Ce petit mot pour te dire que je passe mes vacances comme souvent : près de chez moi. Notre Sud-Ouest est « congrut » de lieux sans flamme autre que celle qui m’entorche, et à chaque fois que, juilletiste ou aoûtienne, je les embrasse en marche de mes bras tendus vers la figue et le tournesol, les clochers rendus taiseux ou l’or bleu de Cocagne me saluent dans leur histoire. Cette diversité est une chance que je partage avec des randonneurs ou des pèlerins, parfois même avec des vieux du coin.
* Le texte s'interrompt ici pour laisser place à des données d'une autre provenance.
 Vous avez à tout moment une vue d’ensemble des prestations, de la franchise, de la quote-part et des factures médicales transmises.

Au cours de ces balades crottées et fécondes, je traverse des villages animés des mains de touristes affairés à toucher la matière du vivant sur des maisons abandonnées, voire en indivision, et beaucoup d’entre eux, je dois dire, manquent se rompre l’âme en tournant comme souvent le dos à l’essentiel.
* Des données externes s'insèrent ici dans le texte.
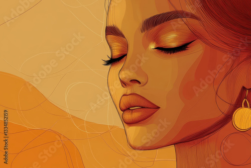 Woman with long hair and earrings looking out of a window into a rainy cityscape, holding a mug with steam rising.
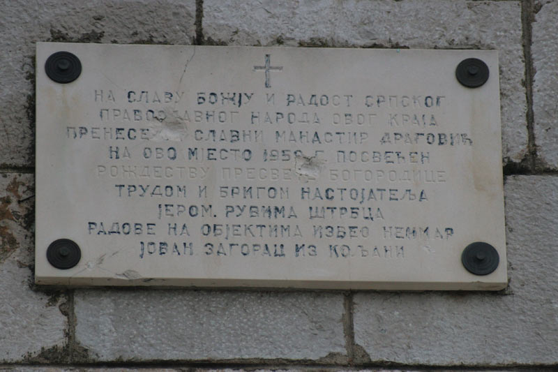 SUMMARY MONASTERY DRAGOVIĆ Monastery Dragović is situated on a hill downstream the Cetina River not far from the place called Vrlika. The present monastery building is the third one placed on the third locality. The Serbs from Bosnia, who ran away from Turks to the territory of the Cetinska krajina, erected the first monastery building in 1395. In 1777, hieromonk from monastery Dragović, Vikentije (Stojisavljević) began to build the new monastery in the place called Vinogradi. The building was continued in 1846, during the period of prior Jerotej Kovačević and was completed as well as consecrated in 1867. In 1959, when the artifical lake for the hydroelectric power station Peruča had been made, monastery Dragović was moved on a hill not far from the old fortress called Gradina. Monastery Dragović was often ruined by Turks. In its long history, they ruined and robbed the monastery six times up to the year 1699. In 1585, five monks from this monastery ran away to Hungary where they founded monastery Grabovac. In 1619, ten monks from monastery Dragović joined their brother monk in monastery Grabovac. After all these events, monastery Dragović had been deserted for more than 70 years and Bishop Nikodim (Busović) renewed it in 1694. Monastery Dragović used to have a rich treasury, in which was kept a number of manuscripts from 16th-18th centuries, as well as very old books written in Greek, Latin, Italian, Russian, and Serbian. There were also very rare antimens, among which was one made by H. Zefarović dating from 1752. A great number of sacral objects mainly made in silver granulation and filigree from 18th century were also a part of this rich treasury. In the monastery’s church, a part of Saint Gregory’s relics was kept - Saint Gregory was a Serbian enlighter and Archibishop who was a descendant of Saint Nemanjić family. In the last decade of the 20th century, the time when Serbs went through new great sufferings, monastery Dragović was devastated and ruined again. Being aware of the great significance this sanctuary has for the Orthodox Serbs, His Grace Bishop Fotije of Dalmatia gives a blessing to priest Đorđe Knežević to start with the reconstruction of this monastery. In autumn 2004, basic conditions have been achieved for the return of monks. Thus with the decree of Bishop Fotije, on the 15th of September 2004 monastery Dragović gets a new brotherhood, and hieromonk Varsonufije (Rašković) has been appointed their Father Superior. On the same day due to the feast of the Nativity of the Theotokos, the first Holy Hierarchal Liturgy was served in the reconstructed monastery’s church. On that occasion, a great number of pilgrims visited this holy place and in his sermon Bishop Fotije emphasized how grand importance this monastery has for Orthodox Serbs of the Cetinska Krajina. He also pointed out that the reconstruction of monastery Dragović is a great blessing of the Holy Trinity and Most Venerable Mother of God. In this way, the tradition of gathering of Orthodox Serbs in this monastery has been established again. This assembly occurs every year on Sunday before the feast of the Nativity of the Theotokos. ::..::
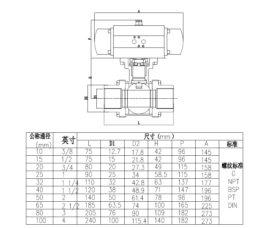 ● 氣動三片式球閥尺寸圖
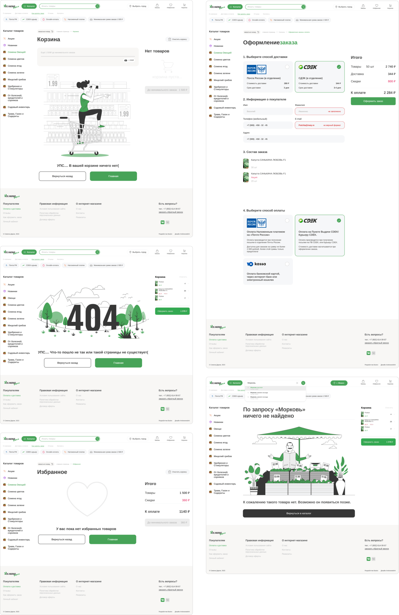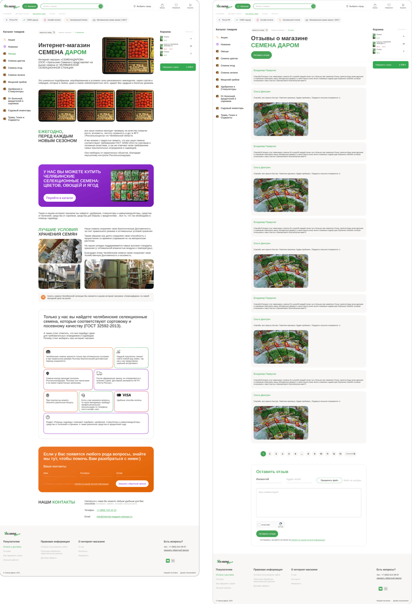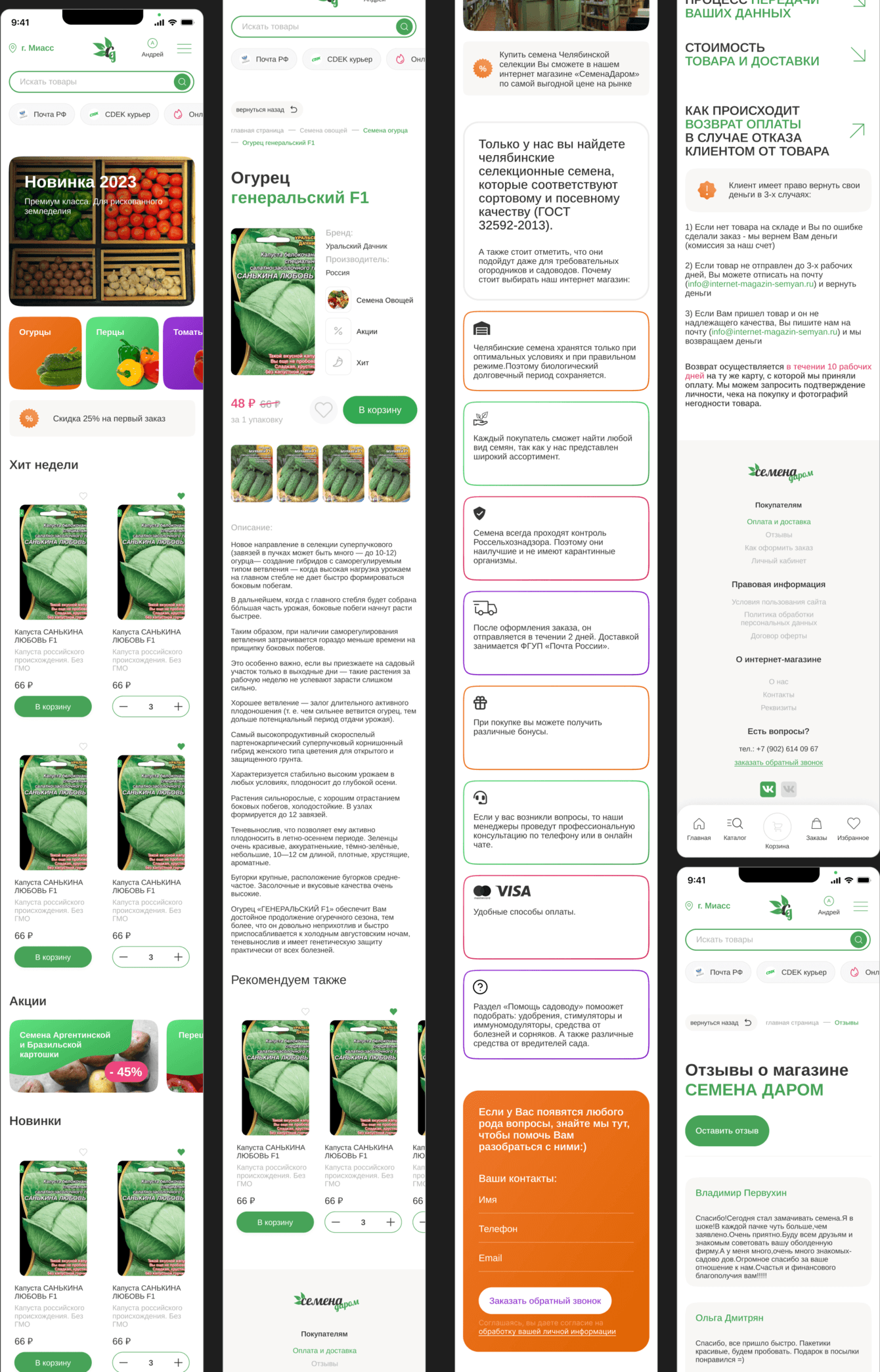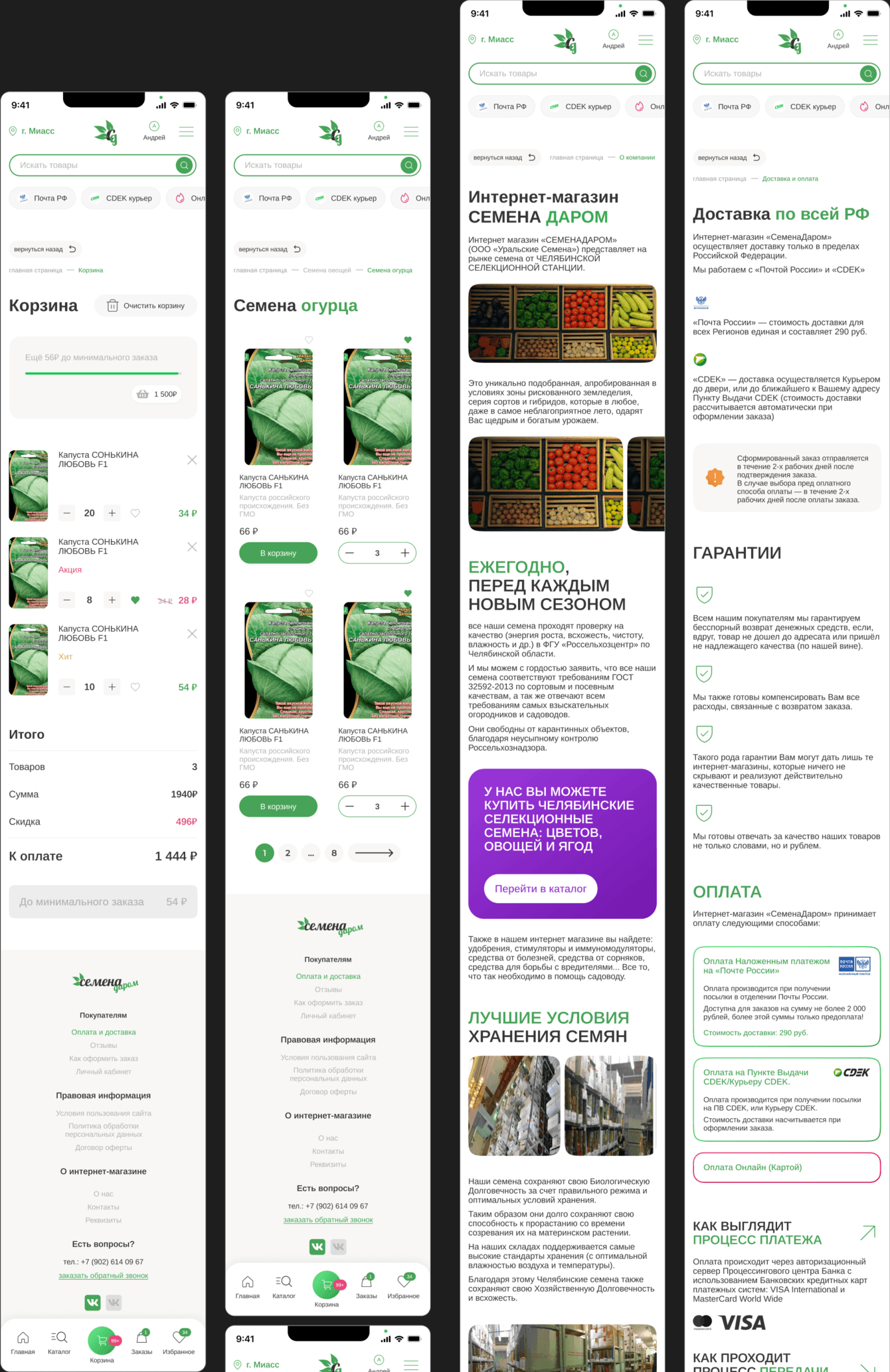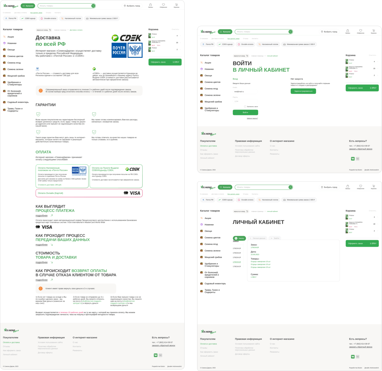 3. Третьим шагом была реализация макетов, частично опираясь на функционал сайта СЕМЕНАДАРОМ. Аналогия была сделана частична, но с переработкой некоторых идей. Было также были реализованы макеты и функционал по оформлению заказа, сделали их удобными и пошаговые формы. Также были реализованы макеты личного кабинета партнеров.

Les hôtes de vieilles fermes aux poulaillers vides les restaurent parfois, et ces odeurs de frites, de moutarde et de crésyl, je les retrouve partout où le citadin vient consommer de l’authentique.

Si tu me demandes comment je vais, je te répondrai que je ressemble en ce moment à une forêt négligée : comme elle j’ai des chablis tombés d’un gilet pourri, et je marche sur des aiguilles à broder cassées et des feuilles sèches de toute encre.
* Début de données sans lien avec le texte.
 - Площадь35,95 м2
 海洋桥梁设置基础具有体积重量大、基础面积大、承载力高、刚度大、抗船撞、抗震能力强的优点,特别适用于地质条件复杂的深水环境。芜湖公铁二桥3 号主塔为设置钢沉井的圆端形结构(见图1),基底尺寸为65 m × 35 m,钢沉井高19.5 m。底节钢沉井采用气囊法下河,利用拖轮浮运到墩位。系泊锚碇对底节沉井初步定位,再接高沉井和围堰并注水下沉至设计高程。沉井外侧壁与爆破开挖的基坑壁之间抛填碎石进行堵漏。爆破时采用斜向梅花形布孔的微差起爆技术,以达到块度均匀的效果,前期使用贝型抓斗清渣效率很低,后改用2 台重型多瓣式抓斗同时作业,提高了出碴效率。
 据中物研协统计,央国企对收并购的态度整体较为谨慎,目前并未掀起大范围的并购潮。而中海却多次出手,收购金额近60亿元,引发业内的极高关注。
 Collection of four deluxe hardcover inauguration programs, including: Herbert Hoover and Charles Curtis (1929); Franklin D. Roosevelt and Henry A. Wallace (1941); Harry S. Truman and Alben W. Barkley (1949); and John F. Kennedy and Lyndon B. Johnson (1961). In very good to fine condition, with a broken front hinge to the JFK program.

Je n’ai pu me rendre à ton cher Loubens et j’ai manqué sa musique de chambre, mais je pense à tes lectures publiques quand je vais à Marciac où la libraire enthousiaste a des projets de même sorte.

Il y a parfois, au détour d’une grange, une étrange femme qui conduit doucement sa vie dans l’allée centrale de chez son père, comme Raymond Babbitt, l’homme de la pluie qui penche sa tête sur la musique « On the road » de Hans Zimmer.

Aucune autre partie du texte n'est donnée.